In dementia-free young and middle-aged adults, higher early morning serum cortisol is associated with impaired memory and lower brain volume, which suggests that cortisol may be a predictive biomarker for future dementia risk, according to results from the Framingham Heart Study published in Neurology.
Researchers identified dementia-free individuals from generation 3 of the Framingham Heart Study with a mean age of 48.5 years. All participants underwent cognitive assessment for abstract reasoning, visual perception, memory, executive function, and attention (N=2231), and a subset underwent brain magnetic resonance imaging for assessment of total white matter, white matter hyperintensity volumes, lobar gray matter, and fractional anisotropy measures (n=2018). In addition, all individuals included in the analysis had serum cortisol concentrations measured. The researchers evaluated the association between cortisol and measures of magnetic resonance imaging volumes, cognition, presence of cerebral microbleeds and brain infarcts, white matter integrity, and gray matter density.

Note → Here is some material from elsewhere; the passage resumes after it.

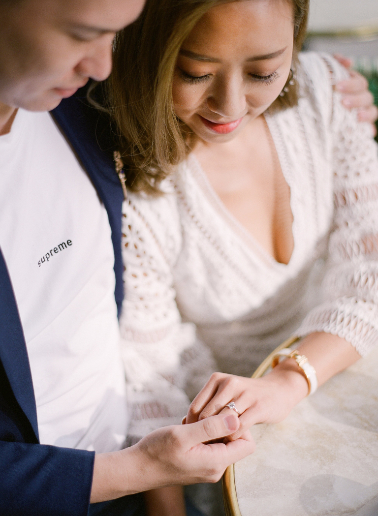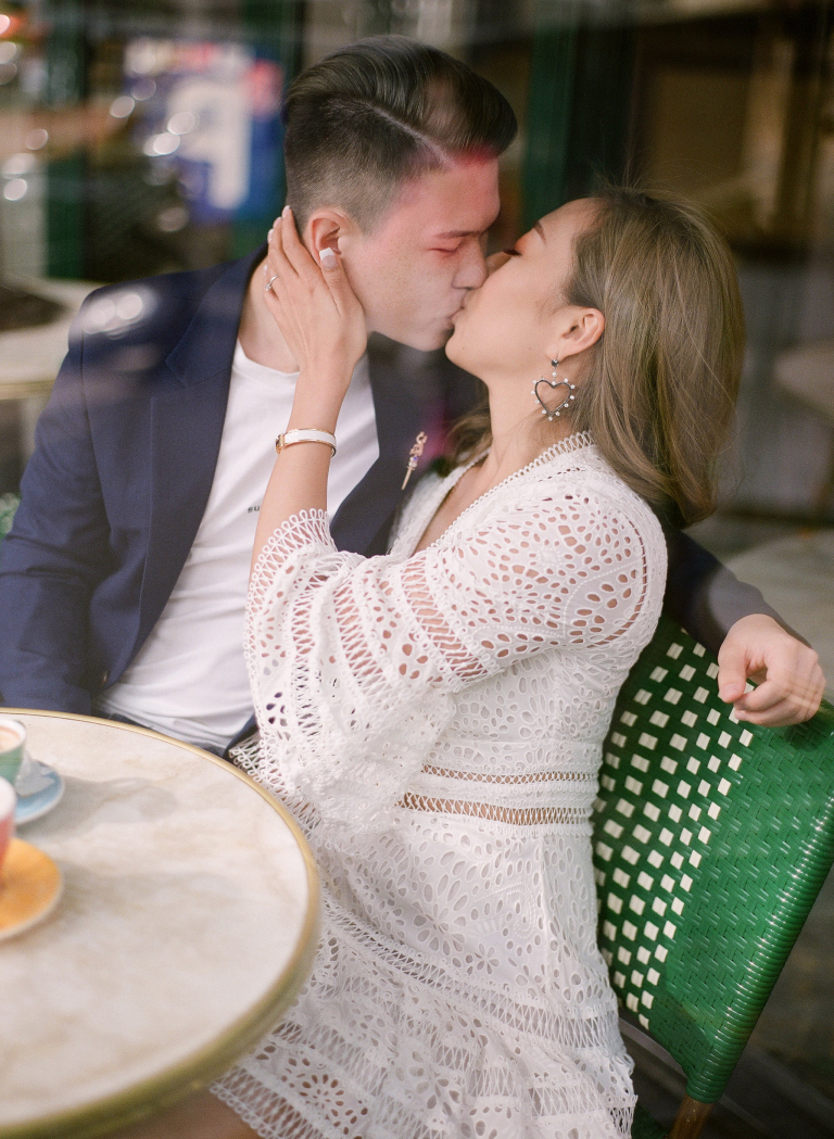 Following our intimate indoor session, we ventured out to a nearby café, seeking to encapsulate the essence of Parisian charm and spontaneity. Amidst the bustling streets and aromatic wafts of freshly brewed coffee, Erica and Gerald reveled in each other's company, their laughter dancing on the breeze as we captured their effervescent spirits in a flurry of candid snapshots.
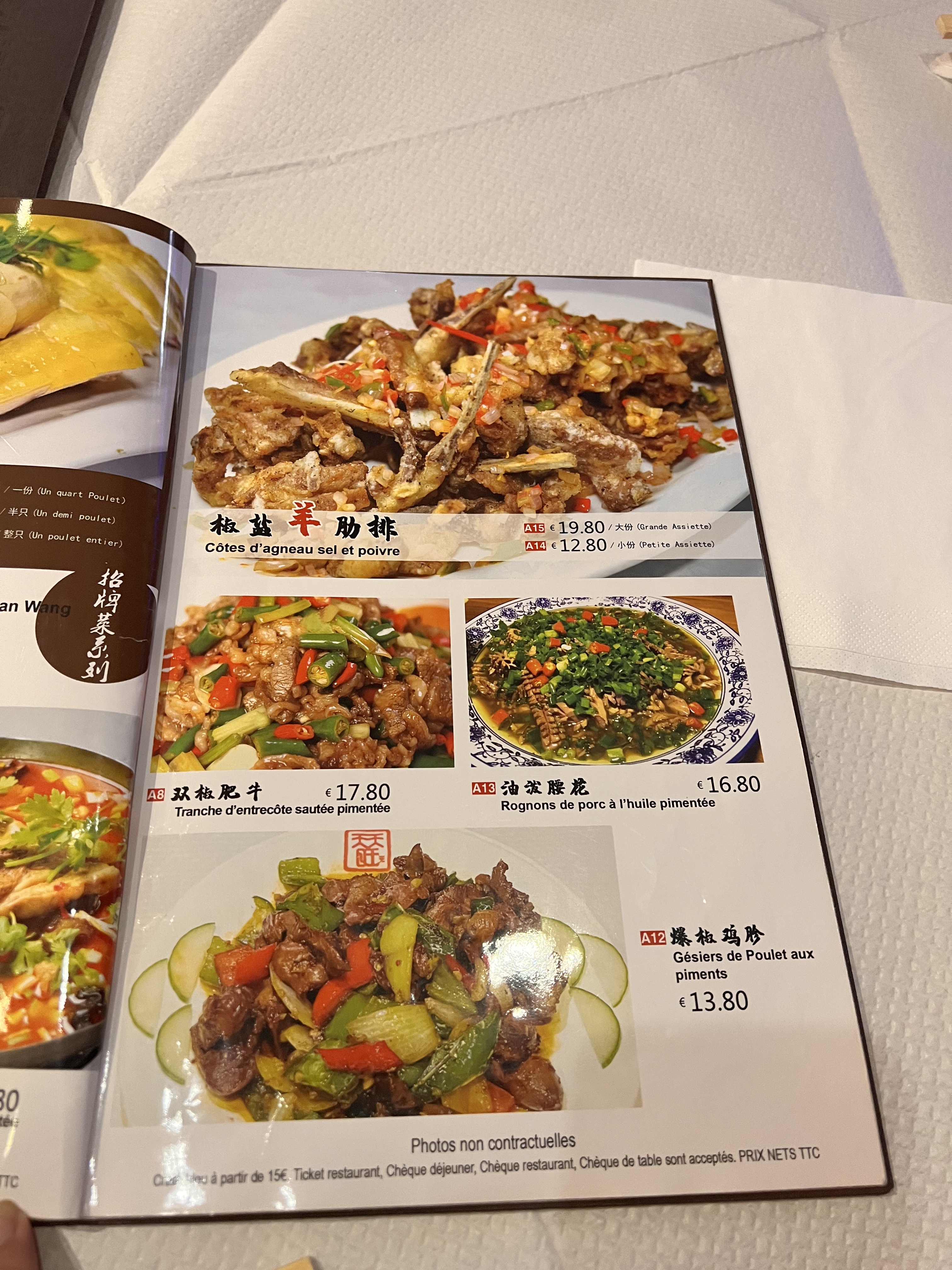 Très bon restaurant avec des plats typiques chinois, pas mal de plats très épicés il faut prendre garde mais les brochettes d'agneau sont top, la julienne de porc et le porc sauté pimenté je recommande. Le porc au caramel est fait assez différemment des autres restaurants du quartier, moins caramélisé mais justement c'est moins écoeurant. Pour l'ambiance il faut aimer un environnement assez bruyant, le service est plutôt rapide.

The median serum cortisol level in the overall population was 12.92 μg/dL (25th-75th percentile, 9.82-17.58 μg/dL). Compared with the median tertile, the highest cortisol tertile was associated with lower total cerebral brain volume (P =.008), parietal gray matter volume (P =.046), and frontal gray matter volume (P =.006). In adjusted analysis, the highest cortisol tertile vs the median cortisol tertile was associated with worse global cognition (P =.001) and poorer performance on the Hooper Visual Organization Test (P =.002) and the Trails A and Trails B (P =.001). The researchers also found that women were more likely than men to have lower cerebral brain volume if they also scored in the highest cortisol tertile (P =.001 vs P =.717, respectively).
Limitations of the analysis include its cross-sectional design and the assessment of cortisol levels only once per day.

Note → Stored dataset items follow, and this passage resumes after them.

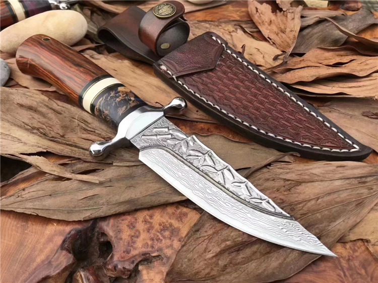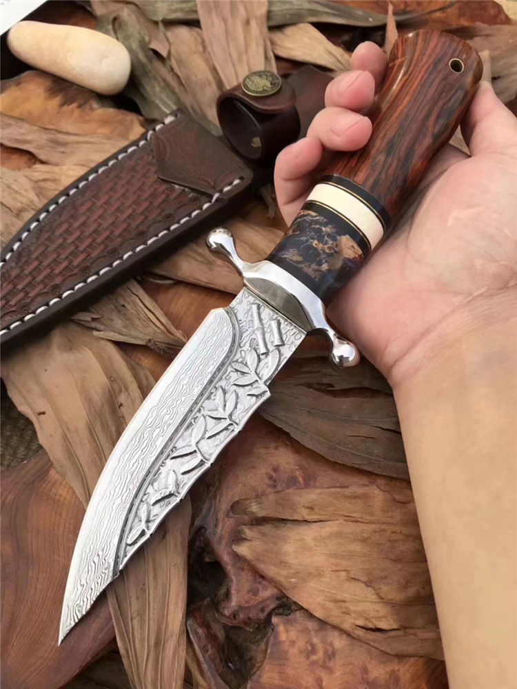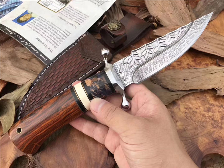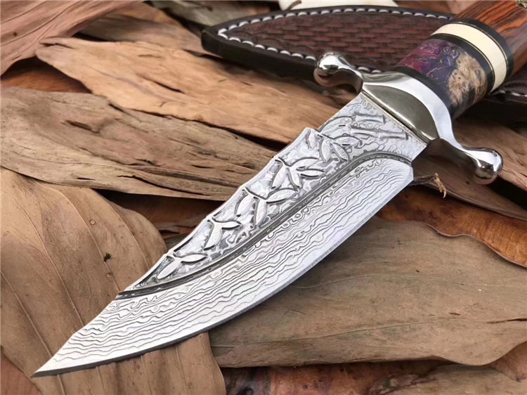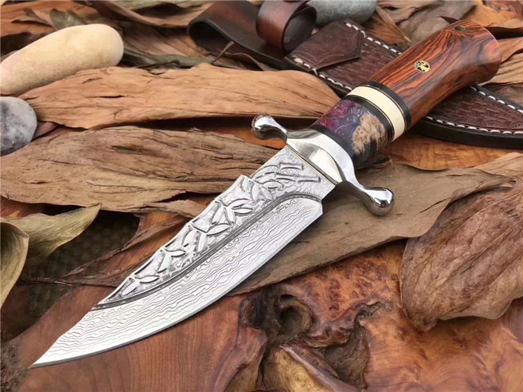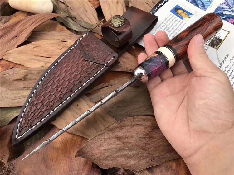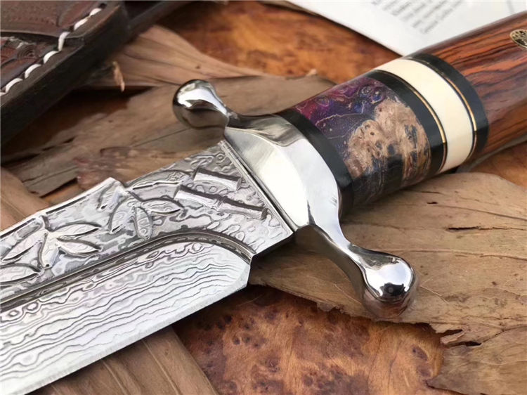 大马士革竹仙直刀 全长:27cm 刃长:13.5cm 柄长:13.5cm 刃最宽处:3.8cm(最宽处) 刃材:高硬度大马士革VG10钢 硬度:59-60HRC 柄材:稳定固化颜色木+黄檀木 手工缝制精致皮套采用高端稳定固化颜色木+黄檀木手柄、大马士革VG10钢心,手工缝制精致皮套
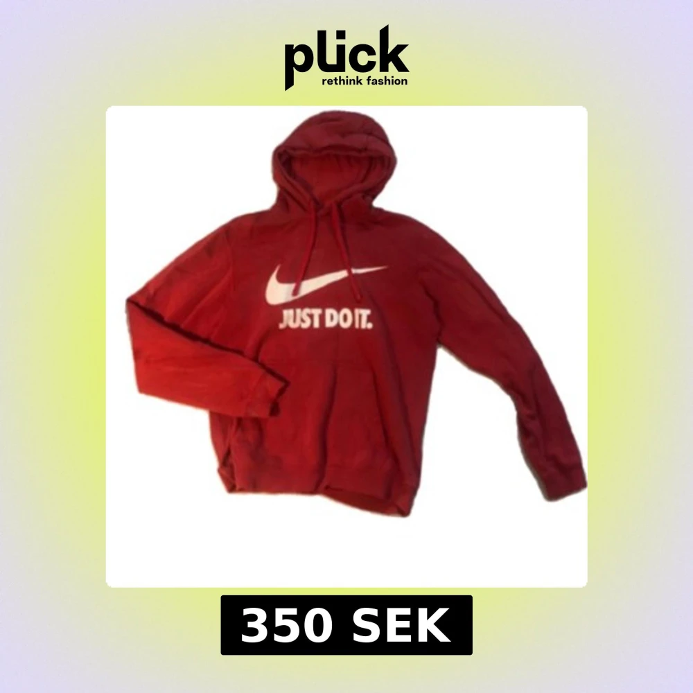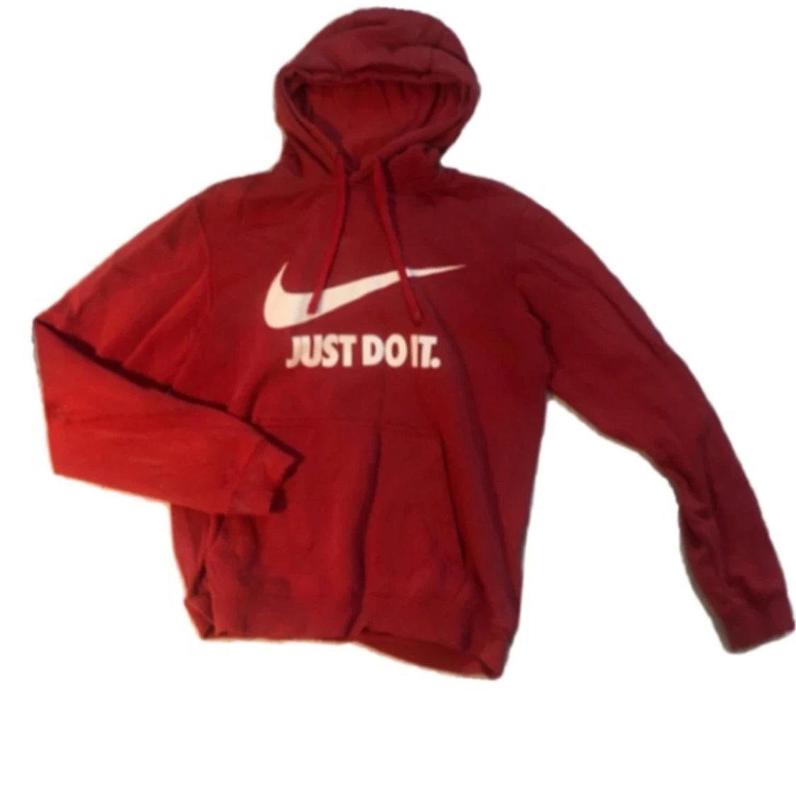 Nike hoodie i rött med klassiskt vitt 'Just Do It.' tryck och swoosh på bröstet. Tröjan har huva med snörning och en stor magficka. Perfekt för dig som gillar sportig och avslappnad stil.
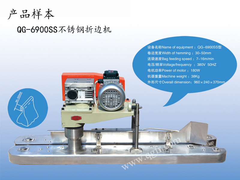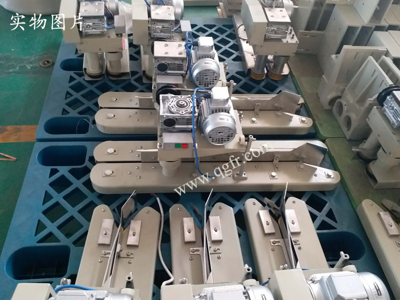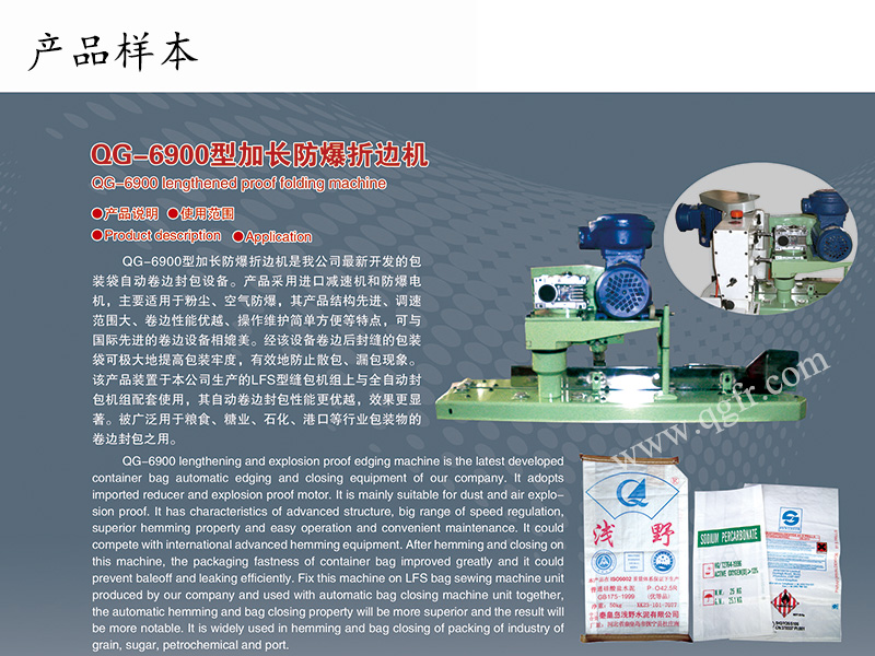 QG6900 bags feed-in device is a long type feed-in device, which is used to feed the filled bags into the sewing machine and fold over the bag top. This model is used together with the GK series automatic bag closing sewing machines.

“It is important to point out that our study reflects a community-based sample and is not directly comparable to the examination of participants in a research setting to diagnose hypercortisolism or hypocortisolism,” the researchers added. “Our community-based study does not characterize people with extreme phenotypes related to blood cortisol levels because we did not carry out further screening or diagnostic testing beyond the assessment of serum cortisol.”
Echouffo-Tcheugui JB, Conner SC, Himali JJ, et al. Circulating cortisol and cognitive and structural brain measures: The Framingham Heart Study. Neurology. 2018;91(21):e1961-e1970.